C. LOVE: Third, I think Mary and Joseph had a deep love for one another. You see, I kind of believe in soul mates. I'm one of the lucky ones who has been able to find mine. And I think Joseph and Mary found their soul mates in each other. I think on that day when they looked across the table or the yard or the court or wherever it took place, and their eyes met, maybe not even for the first time, I think they knew. There was something more than attraction that drew them together.
I think part of that attraction was the depth of each other's faith. Faithful people look for faithful people. They are attracted to that quality as well as all those other things that attract us to each other.
And I think every one of the events that we see as troubles, obstacles and tribulation you whatever you want to call it, actually worked to deepen their love for each other and their love for God. You see, they only overcame those obstacles because they faced them together. With each other and with God.
D. FAITH: And fourth, Mary and Joseph both had a deep faith in God. Faith that God would fulfill God's promises. Faith that God would be with them. Faith that God would provide no matter what the problem. They held a deep faith in God.

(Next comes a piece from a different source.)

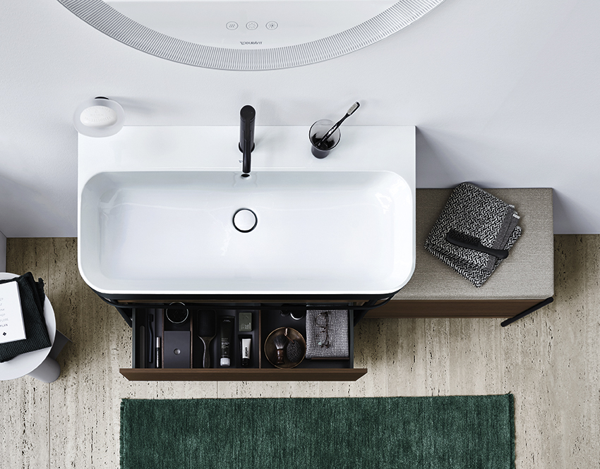 The new washing area variants can be ideally combined with all elements from the Happy D.2 and Happy D.2 Plus design series, ensuring a consistent design for the all bathroom furnishings. Happy D.2 Plus offers a consistent colour concept with toilets and bidets in Anthracite as well as bathtubs with seamless panelling in Graphite Supermatt – harmonising perfectly with the black metal console and dark furniture surfaces.

In the movie Evelyn, based on a true story, Pierce Brosnan portrays Desmond Doyle who is in a courtroom battle to overturn one of Ireland's longest-standing family-court laws to win back custody of his children. Doyle is being questioned by the government's attorney about his suitability to have his children, since he is a single father.
The government's attorney belittles and questions Doyle about his fitness to have a family as a single father because Doyle had grabbed and threatened a nun who had beaten his daughter. The lawyer says, "Even as a very dubious kind of Catholic, who finds himself throttling a nun, you must know the fundamental building block of our society is the family. Whose very model is the holy family, Jesus, Mary and Joseph. How can you, as a single father and as a Catholic, possibly claim to bring up your children without a mother? There is absolutely no precedent for it in the religion you eligibly believe."
There's a long pause. And the lawyer says: "Cat got your tongue, Mr. Doyle?"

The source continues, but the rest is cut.